INTRODUCTION
Il existe un mouvement d’opinion, parmi les économistes mondialistes, suivant lequel tout ce
qui contribue à réglementer les marchés et à infléchir les flux financiers dans un sens
politique, serait-ce dans l’intérêt commun, perturbe l’ordre naturel des choses. Les tenants de
cette idéologie sont généralement très critiques avec les pouvoirs publics; on reproche à ceux-
ci d’être volontiers centralisateurs, plénipotentiaires et fortement susceptibles d’investir les
fonds publics dans des programmes sociaux qui se révèlent souvent très coûteux.
Bien sûr, les gouvernements ont tenté de diverses manières de répondre à ces critiques, surtout
lorsque la situation politique et économique s’était à ce point détériorée que des mesures
concrètes devaient absolument être prises pour redresser la situation. Dans ce contexte, la
mesure la plus connue et la plus radicale qu’un gouvernement puisse prendre est certes la
privatisation des institutions publiques.
Ce rapport vise à examiner les divers problèmes qui se posent lors des dénationalisations,
ainsi que quelques-unes des tendances lourdes que l’on peut observer dans ce domaine à
l’aube du troisième millénaire.
Un retour attentif sur les événements du vingtième siècle permet de réaliser que la
privatisation des entreprises étatiques, qui a marqué les décennies 1980 et 1990, est en fait un
retour de balancier.

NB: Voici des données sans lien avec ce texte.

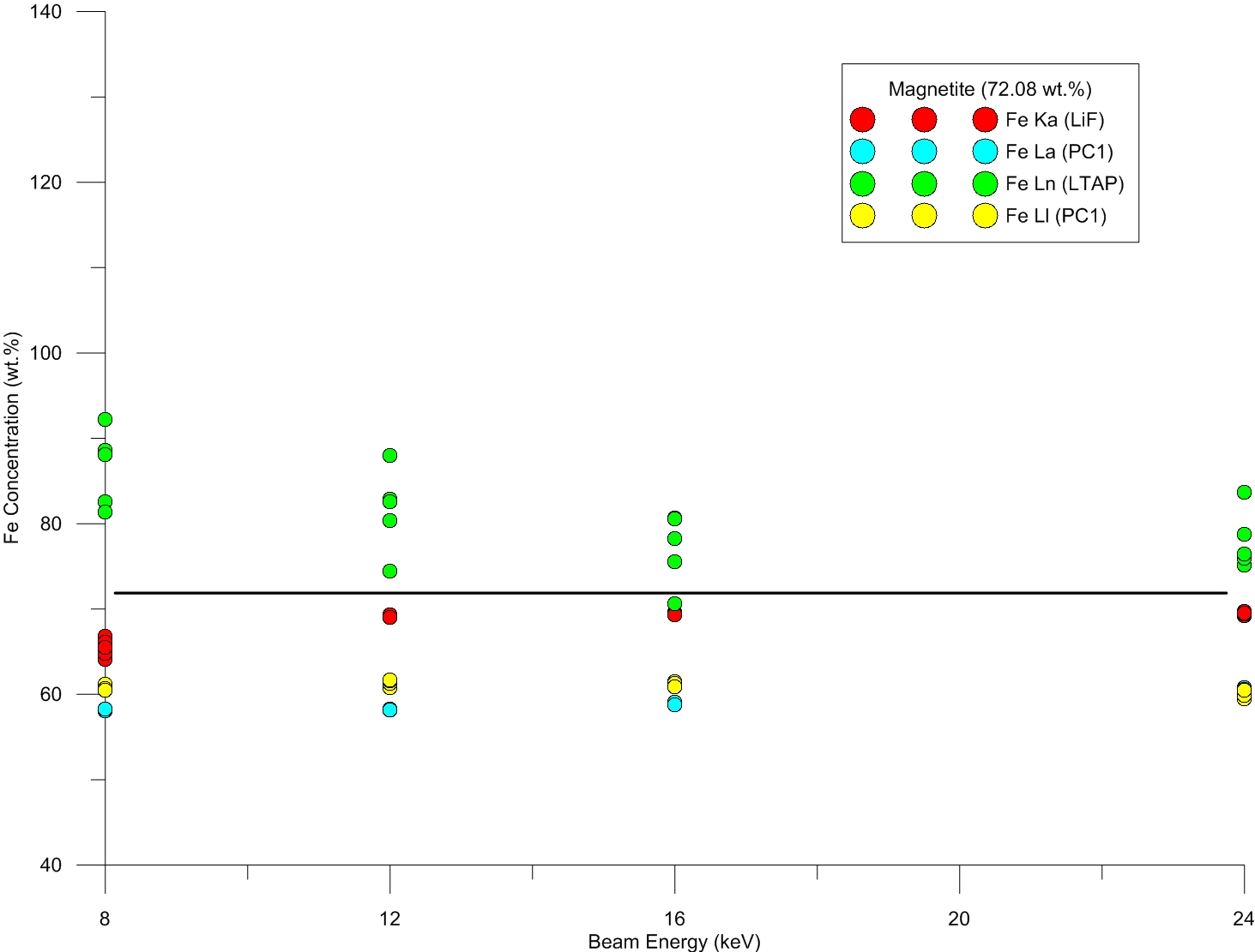 The class learned that it's a good idea to stick with the Fe Ka emission line for quantification!    :D

La nationalisation de l’économie fut en effet, dans plusieurs pays, le
précurseur historique et le facteur déclenchant de la privatisation : les économistes s’accordent
à reconnaître que la Grande Dépression des années 1930 et les deux guerres mondiales du
vingtième siècle ont eu pour conséquence d’accentuer grandement l’implication de l’État dans
l’économie et d’orienter celle-ci dans un sens qui était étroitement lié à ses politiques du
moment.
On a assisté par la suite au développement de bureaucraties de plus en plus centralisées. Cette
centralisation des pouvoirs a permis, dans plusieurs pays, de redresser une économie
défaillante. Les gouvernements mirent du temps à prendre conscience des limites de ce
contrôle étatiques. Ce n’est que graduellement et de façon ponctuelle que certains en vinrent à
envisager l’idée de réduire la taille des structures gouvernementales en redonnant au secteur
privé le contrôle effectif d’un certain nombre d’entreprises d’État ainsi que le pouvoir
d’influer sur les marchés et bien sûr, par la même occasion, de réaliser des profits.

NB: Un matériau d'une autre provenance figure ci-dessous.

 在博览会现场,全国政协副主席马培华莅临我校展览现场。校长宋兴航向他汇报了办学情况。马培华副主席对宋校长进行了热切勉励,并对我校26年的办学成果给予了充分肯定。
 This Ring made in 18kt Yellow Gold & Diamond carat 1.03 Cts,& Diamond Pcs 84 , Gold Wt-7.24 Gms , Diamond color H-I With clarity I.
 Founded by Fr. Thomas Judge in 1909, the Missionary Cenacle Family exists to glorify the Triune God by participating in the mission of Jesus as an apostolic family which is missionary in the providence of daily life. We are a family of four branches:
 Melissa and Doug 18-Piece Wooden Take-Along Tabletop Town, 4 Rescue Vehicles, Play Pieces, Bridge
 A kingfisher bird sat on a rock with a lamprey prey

Ces deux systèmes - la centralisation de pouvoirs en matière de commerce et d’économie au
niveau du gouvernement et la remise au secteur privé de leviers décisionnels dans ces
domaines - se sont toujours partagés, depuis l’Antiquité, quoique à des degrés divers et
suivant des modèles souvent très changeants, les moyens de production et l’activité
commerciale de tous les pays. C’est seulement au vingtième siècle que l’une et l’autre, la
privatisation répondant en quelque sorte à la nationalisation, furent considérées sinon comme
des panacées idéologiques, du moins comme des approches susceptibles, si on les appliquait
de façon systématique, de corriger les problèmes liés aux opérations courantes du marché et
de générer la richesse et le progrès au sein des sociétés.